Newly forming bone graft: a novel surgical approach to the treatment of denuded roots.

UNLABELLED: Many techniques have been proposed for root coverage. However, none of them presents predictable results in deep and wide recessions.
OBJECTIVES: The aim of this case series report is to describe an alternative technique for root coverage at sites showing deep recessions and attachment loss >4 mm at buccal sites.
MATERIAL AND METHODS: Four patients presenting deep recession defects at buccal sites (>4 mm) were treated by the newly forming bone graft technique, which consists in the creation of an alveolar socket at edentulous ridge and transferring of granulation tissue present in this socket to the recession defect after 21 days. Clinical periodontal parameters, including recession depth (RD), probing depth (PD), clinical attachment level (CAL), bleeding on probing (BOP), plaque index (PI) and keratinized gingiva width (KGW) were evaluated by a single examiner immediately before surgery and at 1, 3, 6 and 9 months postoperatively.
RESULTS: All cases showed reduction in RD and PD, along with CAL gain, although no increase in KGW could be observed. These findings suggest that the technique could favor periodontal regeneration along with root coverage, especially in areas showing deep recessions and attachment loss.

INTRODUCTION

Coverage of denuded roots has been a main concern for both professionals and patients. Many surgical techniques have been proposed to cover denuded roots, showing varying rates of success depending on factors related to the surgical technique and anatomical features of the lesions[13,14,17,26]. A greater reduction in recession depth and width as well as a greater increase in the width of keratinized gingiva are obtained by subepithelial connective tissue graft (SCTG) associated to coronally positioned flap[5,13,19]. However, the success of such technique is limited in wide recession defects presenting interproximal bone and soft tissue loss[17].

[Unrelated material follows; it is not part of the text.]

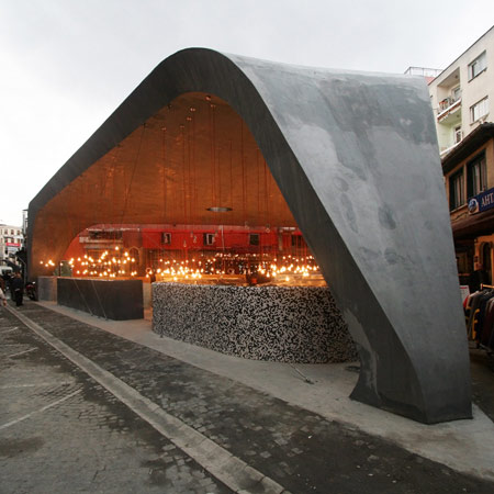 イケアで使用している420個の収納ボックスを使って、ポルトガルのデザイナー、ディアゴ・アギアール氏とテレサ・オットー氏がデザイン及び建築した即席のバーは、ポルトガルにあるポルト大学建築学部主催コンクールの受賞作品だ。

To overcome these problems, the use of barrier membranes positioned over exposed root surface (GTR) warranting a space for regeneration to occur along with root coverage has been suggested[7,20,23,26,27]. This technique resulted in gain of attachment level, reduction of probing depth, bleeding on probing and recession depth[19,23,26] in single, large, deep, localized marginal tissue recessions showing ≥5 mm of depth[27], in the presence of hypersensitivity[7], cervical caries lesions or restorations[23,28]. Histological studies demonstrated that wound healing proceeded with the formation of new cementum, periodontal ligament and alveolar bone coronal to the pre-existent level, suggesting that root coverage was accomplished by regeneration of periodontal tissues[7,20]. In turn, it is contra-indicated for the treatment of multiple and shallow recessions[18,30] or in areas of thin gingival tissue[11].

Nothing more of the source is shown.